However, you can apply some transformations to the other forms to get them to $\displaystyle \displaystyle \frac{0}{0}$ or $\displaystyle \displaystyle \frac{\infty}{\infty}$.

4. Originally Posted by crossbone
$\displaystyle \frac{0}{0}, \frac{\infty}{\infty}, 0\times{\infty},{\infty}^{\infty}, {\infty}^0,0^0, 1^{\infty}, \infty - \infty.$

How about $\displaystyle 0^{\infty}$? anything else?
The form $\displaystyle 0^{+ \infty}$ is not 'indeterminate'!... more precisely if You have a function like $\displaystyle y(x)= f(x)^{g(x)}$ with $\displaystyle \lim_{x \rightarrow x_{0}} f(x)=0$ and $\displaystyle \lim_{x \rightarrow x_{0}} g(x)= +\infty$ is $\displaystyle \lim_{x \rightarrow x_{0}} f(x)^{g(x)}=0$...

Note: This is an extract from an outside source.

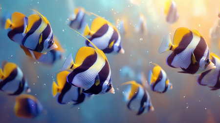 Colorful butterflyfish glide through a marine world, portraying underwater beauty and serenity
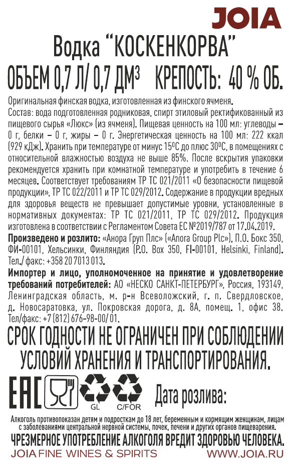 Классическая финская водка, которая производится из отборного ячменя иместной родниковой воды. Водка проходит многократную дистилляцию, благодаря чему она приобретает мягкий, гармоничный вкус с легкими лакричными нюансам.

Are You sure that $\displaystyle \infty^{\infty}$ is 'indeterminate'?...

Kind regards

$\displaystyle \chi$ $\displaystyle \sigma$

5. Other 'indeterminate forms' that are not reported in the 'holy books' and can be solved with l'Hopital's rule are [in my opinion...] $\displaystyle \log_{0} 0$ and $\displaystyle \log_{\infty} \infty$...

Kind regards

$\displaystyle \chi$ $\displaystyle \sigma$

6. Originally Posted by dwsmith
Check wikipedia or a textbook.
I did but it didn't include $\displaystyle 0^{\infty}$ even though $\displaystyle {\infty}^0$ and $\displaystyle 0^0$ were. isn't it an indeterminate form?

7. First paragraph from this source ...

http://spectrum.troy.edu/~andrew/doc...ETERMINATE.pdf

... lists "seven known" indeterminate forms.

8. seems like it's not then. so what's the value of $\displaystyle 0^{\infty} ? 0?$

9. Originally Posted by crossbone
seems like it's not then. so what's the value of $\displaystyle 0^{\infty} ? 0?$
consider ...

$\displaystyle \displaystyle \lim_{n \to \infty} r^n$ when $\displaystyle |r| < 1$

10. makes sense. thanks!